Starting Elective Cardiac Surgery After 3 pm Does Not Impact Patient Morbidity, Mortality, or Hospital Costs
Background
There is growing concern over the impact of fatigue and long work hours on patient safety. Our objective was to determine the perioperative outcomes and hospital costs associated with starting nonemergent cardiac surgical cases after 3 pm.
Methods
A retrospective analysis was performed on adult patients who underwent elective coronary artery bypass or valve surgery at our institution between July 2011 and March 2018. Cases were defined as “late start” if the incision time was after 3 pm. Postoperative outcomes, 30-day mortality, and total hospital costs were compared between propensity-matched samples of early-starting and late-starting cases.
Results
Of 2463 elective cases, 352 (14%) started after 3 pm.

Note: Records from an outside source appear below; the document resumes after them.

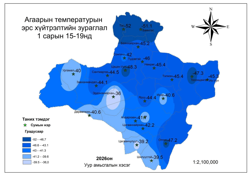 Ойрын өдрүүдэд Монгол орны нийт нутгаар хүйтний эрч эрс чангарч байгаа бөгөөд нэгдүгээр сарын 19-29-нийг дуусталх 10 хоногийн урьдчилсан мэдээгээр Завхан, Идэр, Тэс, Буянт голын хөндийгөөр шөнөдөө -44-49, өдөртөө -31-36 градус, Хангайн уулархаг нутгаар шөнөдөө -39-44, өдөртөө -27-32 градус, бусад нутгаар шөнөдөө -34-39, өдөртөө -20-25 градус хүйтэн байна.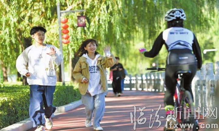 河岸上,秋花簇簇,淡香縷縷,三三兩兩晨練的人們動作輕盈……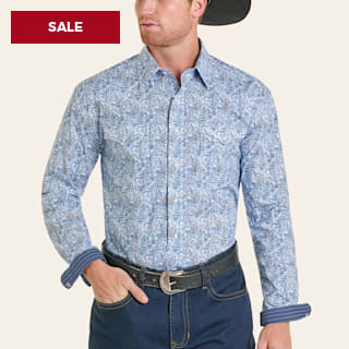 Rough Stock Men's Blue Paisley Print Western Shirt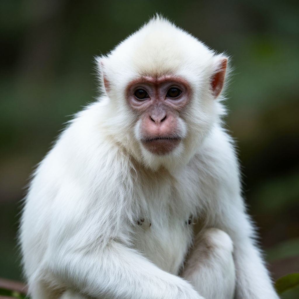 Close-up of white autistic monkey with delicate white fur, deep thoughtful eyes, sitting quietly in a serene forest environment, soft natural lighting emphasizing calm and introspection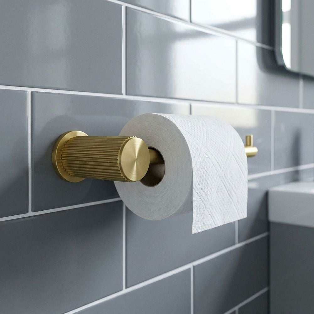 Melbourne Brushed Brass Wall-Mounted Bathroom Toilet Roll Holder – Stylish & Practical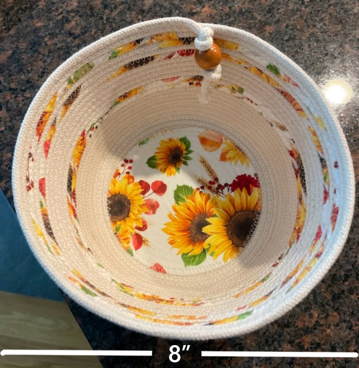 Most of my art is made with 100% braided cotton rope made right here in NC. One-of-a-kind baskets, trivets and wall art add new character and texture to your décor. Cotton does occasionally absorb humidity so if the shape changes, just spray it with water, tug and form it a bit and let it dry, or use a steam iron to flatten it if it curls.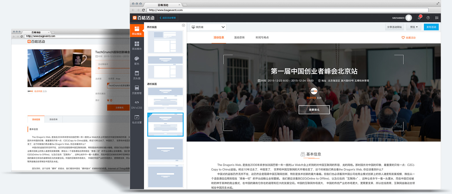 提供自助式的活动网站设计,模版的丰富,简便的操作;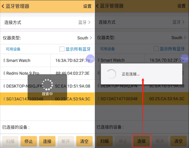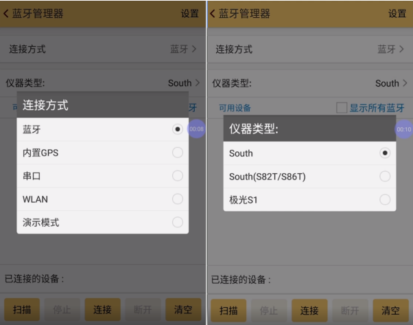 2、連接方式選擇【藍牙】,儀器類型選擇【SOUTH】,如圖所示:
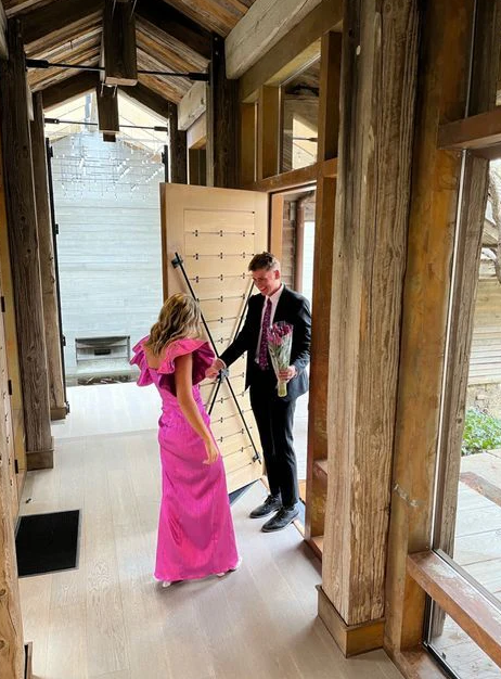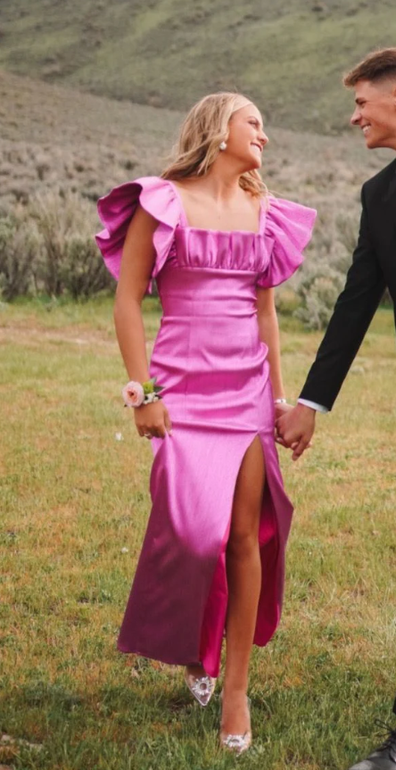 Floor Length Square Neck Flutter Sleeve Hot Pink Prom Dress with Split

In propensity-matched samples, patients who had a late start demonstrated no difference in 30-day mortality (1% vs <1%; P = .10) or postoperative complications, such as prolonged ventilation (5% vs 7%; P = .37), renal failure (2% vs 1%), or stroke (2% vs 1%; P = .23) compared with patients who had an early start. A late start did not impact the median duration of ventilation (4 vs 5 hours; P = .72), intensive care unit (ICU) length of stay (26 vs 22 hours; P = .28), or postoperative length of stay (6 vs 7 days; P = .37). In addition, there were no significant differences in total hospital cost (P = .09), operating room cost (P = .22), or ICU cost (P = .05).
Conclusions
We report no differences in perioperative outcomes, operative mortality, length of stay, or total hospital cost for elective cases that start after 3 pm. This may be attributable to the resources available at a large quaternary center regardless of time of day.